| DATASET EXCERPT |
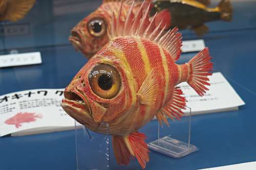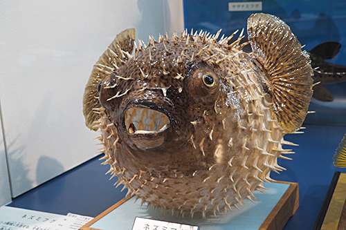 水槽の中で元気に泳ぐ魚を観察する 楽しみとはまた違い、間近でじっくりと細部まで 観察できるという、はく製ならではの楽しさがある 「海とくらしの史料館」。
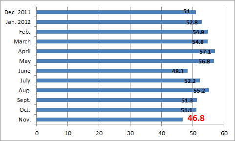 AIM’s monthly Business Confidence Index, which measures current and near-future business sentiment, registered a 46.8 on a 100-point scale in November, down from 50.9 in October, meaning there is more negative sentiment among employers. The only other month this year in which the reading fell below 50 was in June, when the index registered a 48.3.
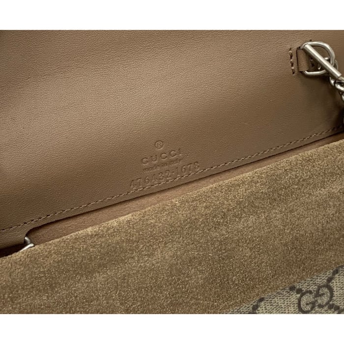 – GG Supreme canvas, made using an earth-conscious process, with taupe suede detail

| DIRECTIONS |
Without changing a word, transcribe all of the data and omit its images.

| EXERCISE RESPONSE |
 水槽の中で元気に泳ぐ魚を観察する 楽しみとはまた違い、間近でじっくりと細部まで 観察できるという、はく製ならではの楽しさがある 「海とくらしの史料館」。
 AIM’s monthly Business Confidence Index, which measures current and near-future business sentiment, registered a 46.8 on a 100-point scale in November, down from 50.9 in October, meaning there is more negative sentiment among employers. The only other month this year in which the reading fell below 50 was in June, when the index registered a 48.3.
 – GG Supreme canvas, made using an earth-conscious process, with taupe suede detail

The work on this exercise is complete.